I ran a slightly modified version of JDC's script [found here](https://github.com/RobertArbon/covid-moonshot/blob/dimer/scripts/00-prep-all-receptors.py) to generate outputs so i could make sure my new script reproduced the original results. The results, for x0072 and x0689 can be found in the folder `JDC`. You can @vis...pml the PyMol script to see the dyad in stick form. 

**Problem**: the histidine does not get protonated.
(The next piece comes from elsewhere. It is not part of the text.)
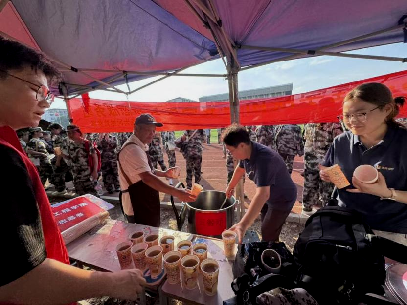 训练间隙,后勤生活服务中心及时送来了绿豆汤,工作人员现场为新生分发绿豆汤,给新生送来暖心问候,让离家的新生感受到了如家般的温暖。一位来自外省的新生感慨道:“虽然军训很累,但看到后勤的叔叔阿姨们为我们送来“暖心汤”,服务这么周到,使我们非常感动,这里就像我的第二个家。”
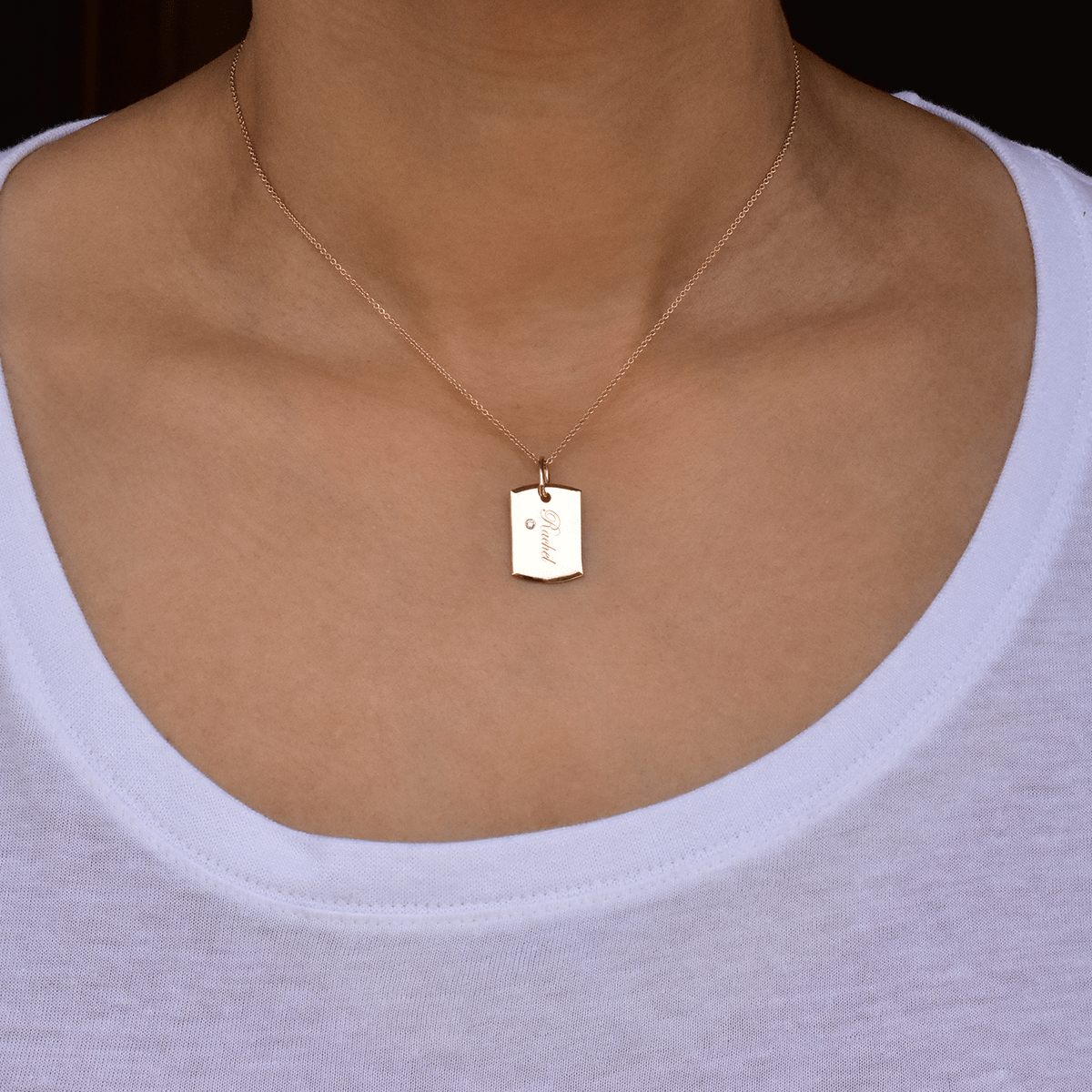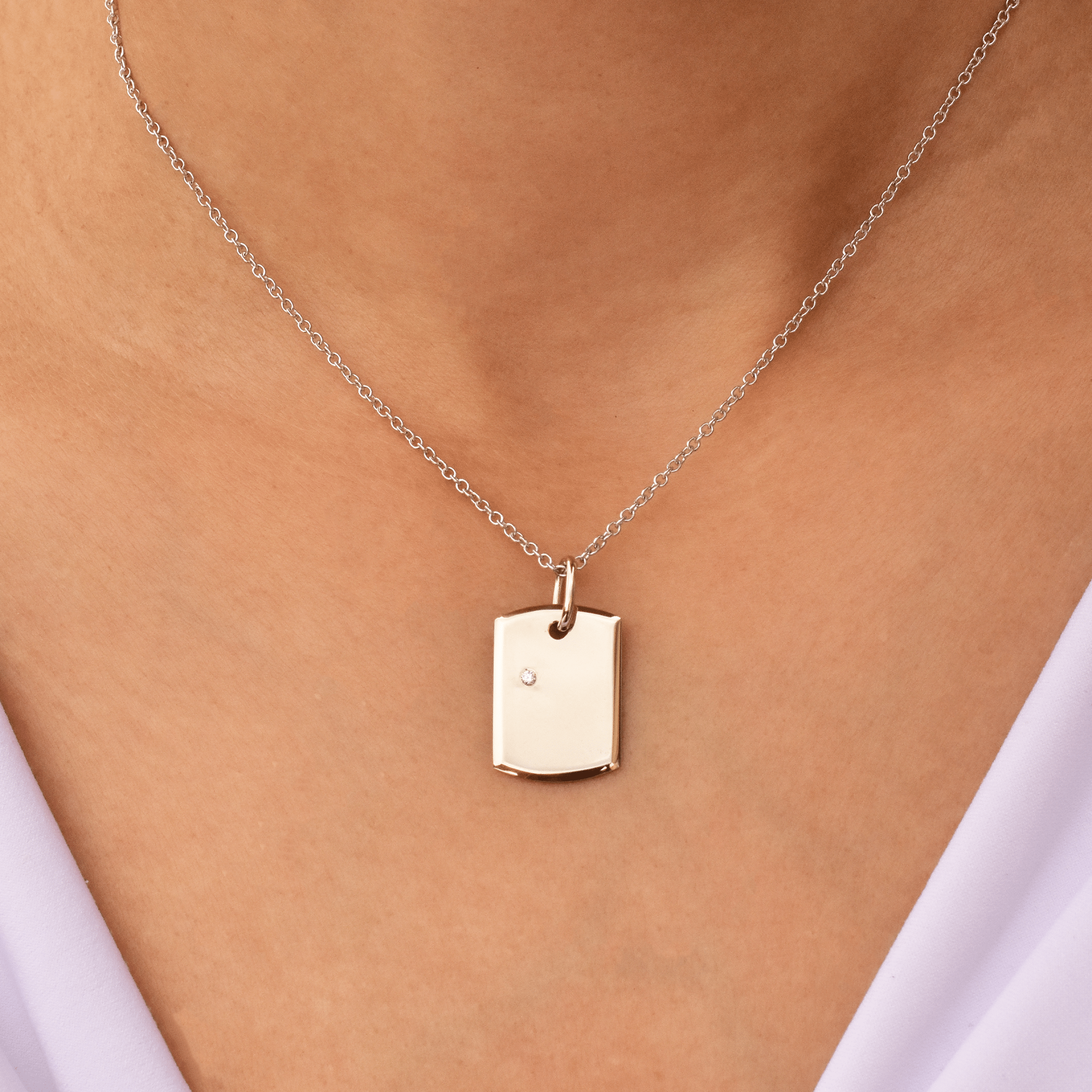 Everyday Dog Tag - 18-Karat Solid Gold & Solitaire Diamond

I think in the Slack channel I said it was the Cys that doesn't get affected - but that was wrong (or I had another error...) 

This notebook presents the absolute bare minimum to reproduce this problem[1]. The results of running this notebook, `-protein.pdb` and `-protein-thioloate.pdb`, are put in the root of this folder. Also in this folder are PyMol scripts to quickly show the dyad in stick form. 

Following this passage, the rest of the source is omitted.